June is National Homeownership Month. The usual coverage is aimed at first-time buyers. This post is for the investors who help make those stories possible. A look at where homeownership stands in 2026, how the path to ownership has shifted over the last few decades, and why the real estate investors AHL funds play a bigger role in the housing market than most headlines give them credit for.

What Is National Homeownership Month?

Every June, housing advocates, government agencies, and lenders across the country observe National Homeownership Month. For most of the industry it is an opportunity to put out content about the benefits of owning a home.
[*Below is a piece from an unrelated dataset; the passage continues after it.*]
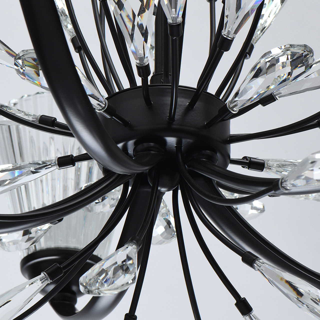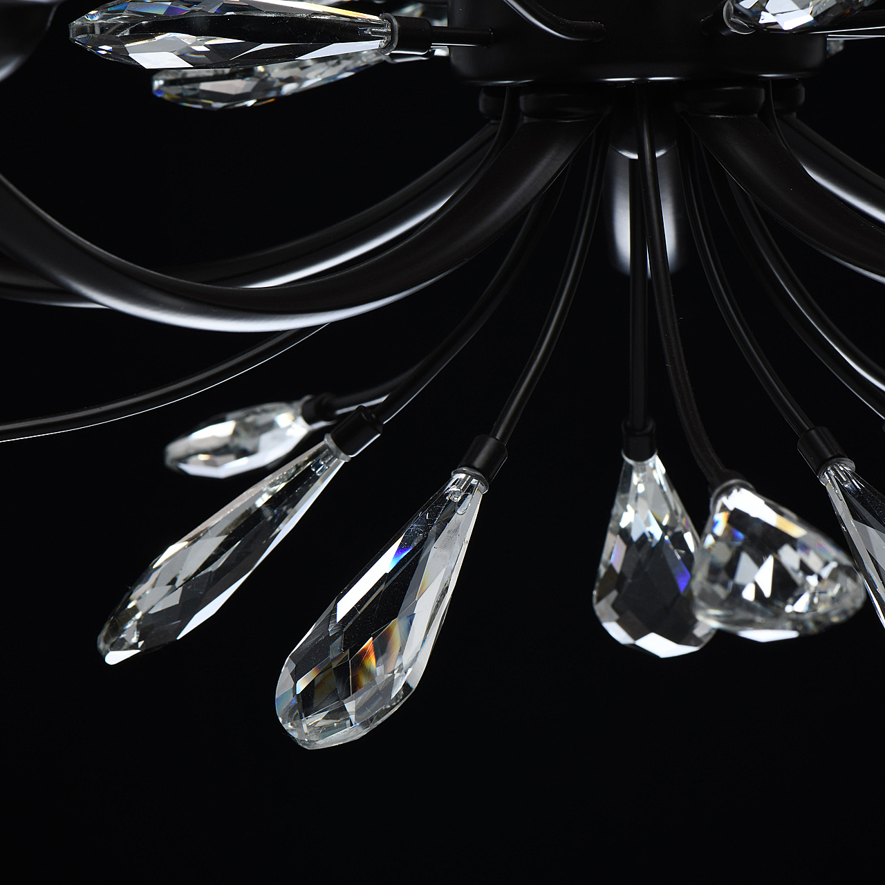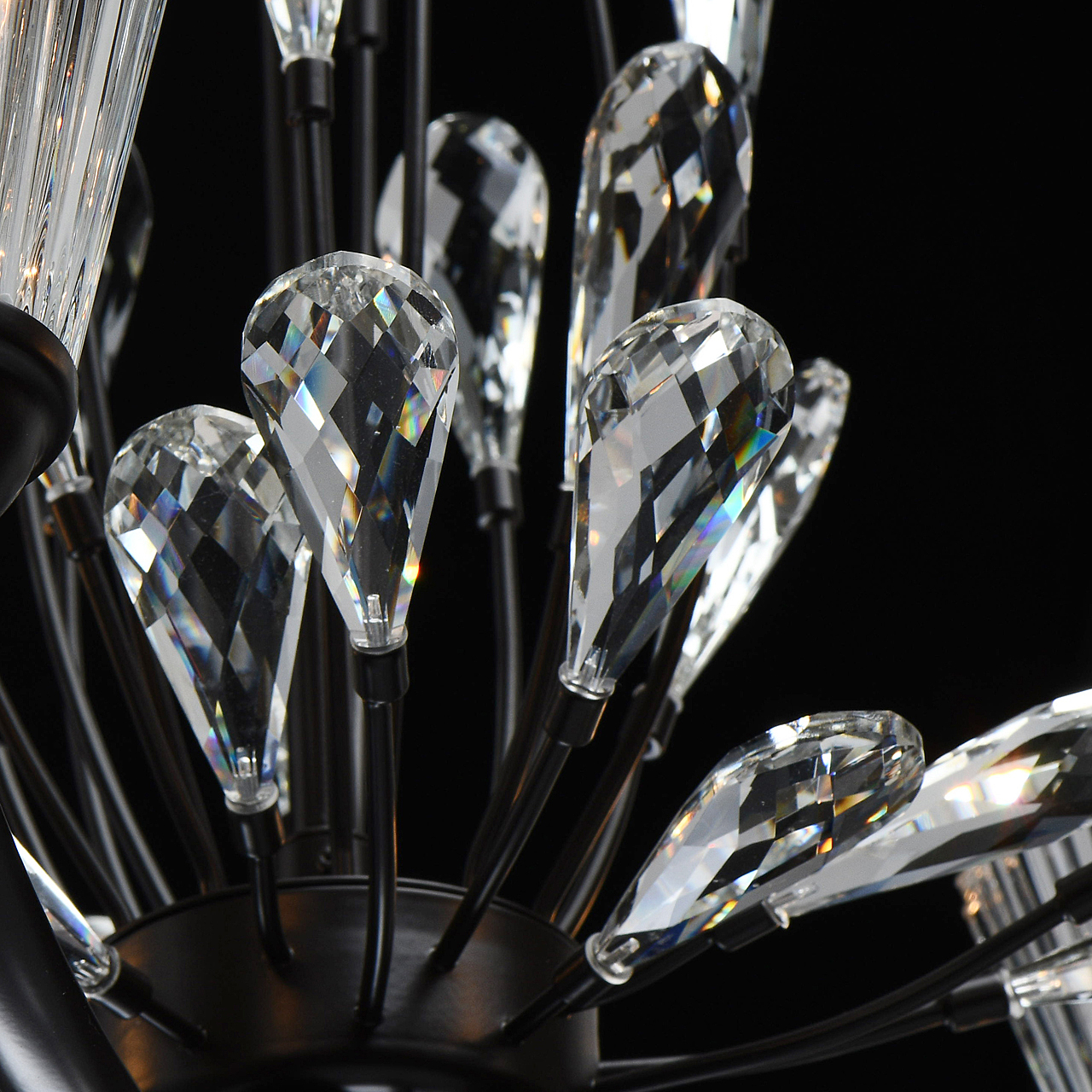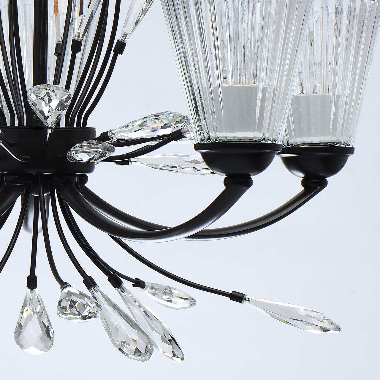 Современный флористический дизайн в тренде.Декор из крупного хрусталя особой формы придает модели легкости. Фактурные плафоны из стекла обеспечивают комфортный свет.Регулируемая высота за счет звеньев цепи.Заменяемые традиционные источники света удобны в эксплуатации.Полная семья из бра, потолочных люстр на 5 и 8 ламп.

For AHL, it is a chance to talk about something the usual coverage skips entirely: the investors who help make homeownership possible for everyone else.

But before we get into that, it helps to understand where the observance came from and why it still carries weight.

A Brief History

National Homeownership Month traces back to 1995, when President Clinton established National Homeownership Week as part of a broader federal initiative to expand access to homeownership across the country. The effort was tied to HUD’s National Homeownership Strategy, which set a goal of achieving the highest homeownership rate in American history by the end of the decade. In 2002, President George W. Bush expanded the observance from a week to a full month.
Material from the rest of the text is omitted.